Problem related to the integration

Question

Recently I read that $$\int_{-p^{2}}^{+p^{2}} \frac{1}{\sqrt{x^{2}-p^{2}}}dx$$ tends to a finite real number as $p \to 0$. Can anyone explain me why this is true?

Answer 1

For $-1 < p < 1$, the integral

$$I(p) := \int_{-p^2}^{p^2} \frac{1}{\sqrt{x^2-p^2}}\,dx$$

has a purely imaginary value, since the radicand $x^2 - p^2$ is negative. Nevertheless, $\lim\limits_{p\to 0} I(p) = 0 \in \mathbb{R}$. Broadly, we can argue that the integrand has roughly the value $\pm \frac{i}{p}$, the sign depending on the chosen branch of the square root, and since the length of the interval of integration is $2p^2$, we have $I(p) \approx \pm 2ip \to 0$.

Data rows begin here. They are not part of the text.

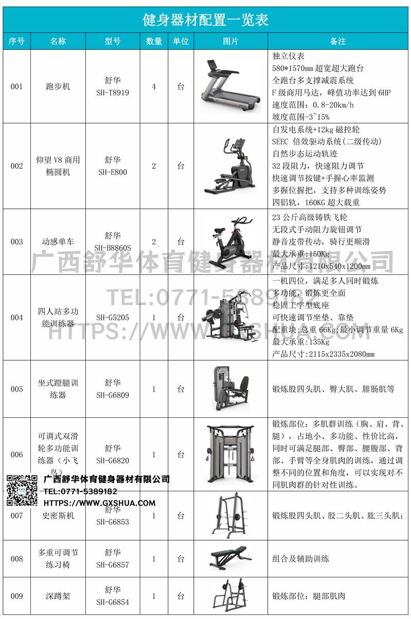 蹬腿训练器(1台)、小飞鸟(1台)、史密斯机1台)、深蹲训练器(1台)、多重可调节练习椅1台)、腹肌板(2台)、10付哑铃套组(1套)、哑铃凳(1台)、杠铃片架(1台)、可以实现对不同肌肉群的针对性训练,满足肌肉训练需求,全方位激活身体机能。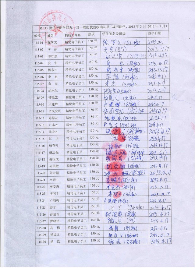 第115批战河中学(2013年3月到2013年7月)受助学生签收单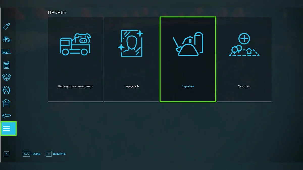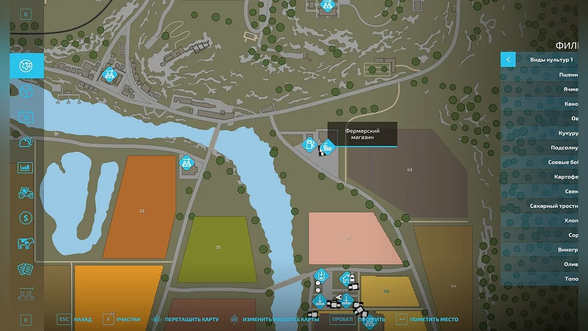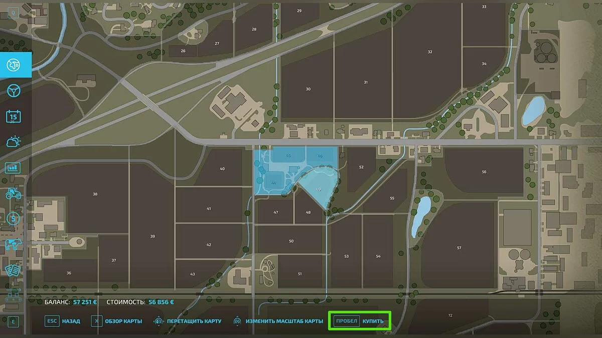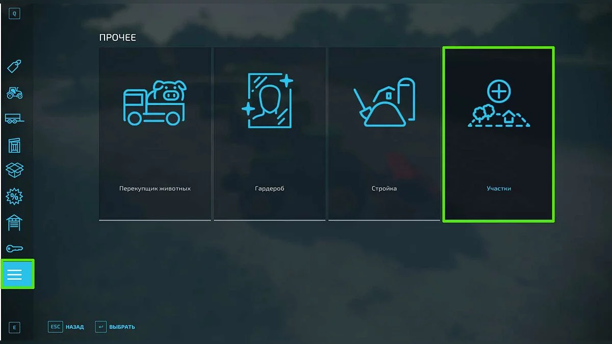 Все поля в игре можно приобретать или продавать другим фермерам. Чтобы купить участок, перейдите в меню магазина (клавиша «P»), откройте вкладку «Прочее» и нажмите на раздел «Участки».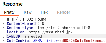 その結果、改行文字によるHTTPヘッダインジェクションが成功します。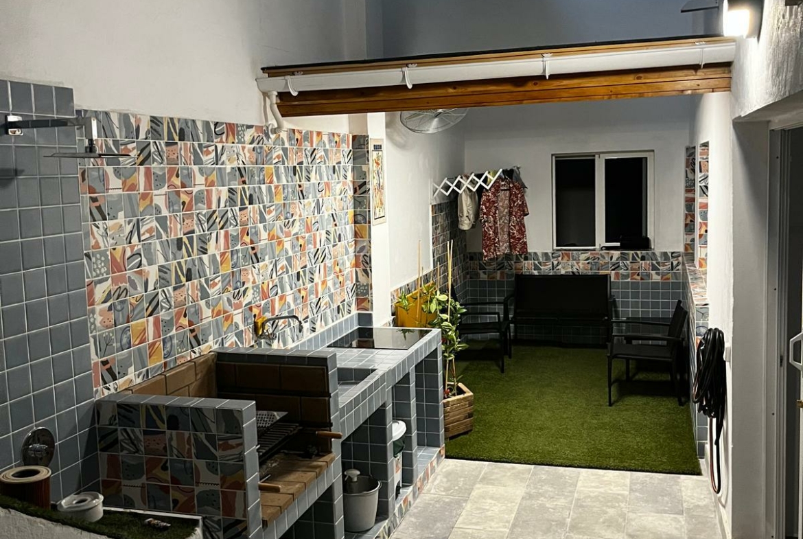 It features a private entrance, a 20m2 terrace with a built-in kitchen, barbecue, shower, and pergola.

More precisely, we can substitute $x = py$, and obtain

$$I(p) = \int_{-\lvert p\rvert}^{\lvert p\rvert} \frac{1}{\sqrt{y^2-1}}\,dy.$$

In this form, it should be evident that $\lim\limits_{p\to 0} I(p) = 0$, since the integrand doesn't depend on $p$, and the interval of integration still shrinks to a single point.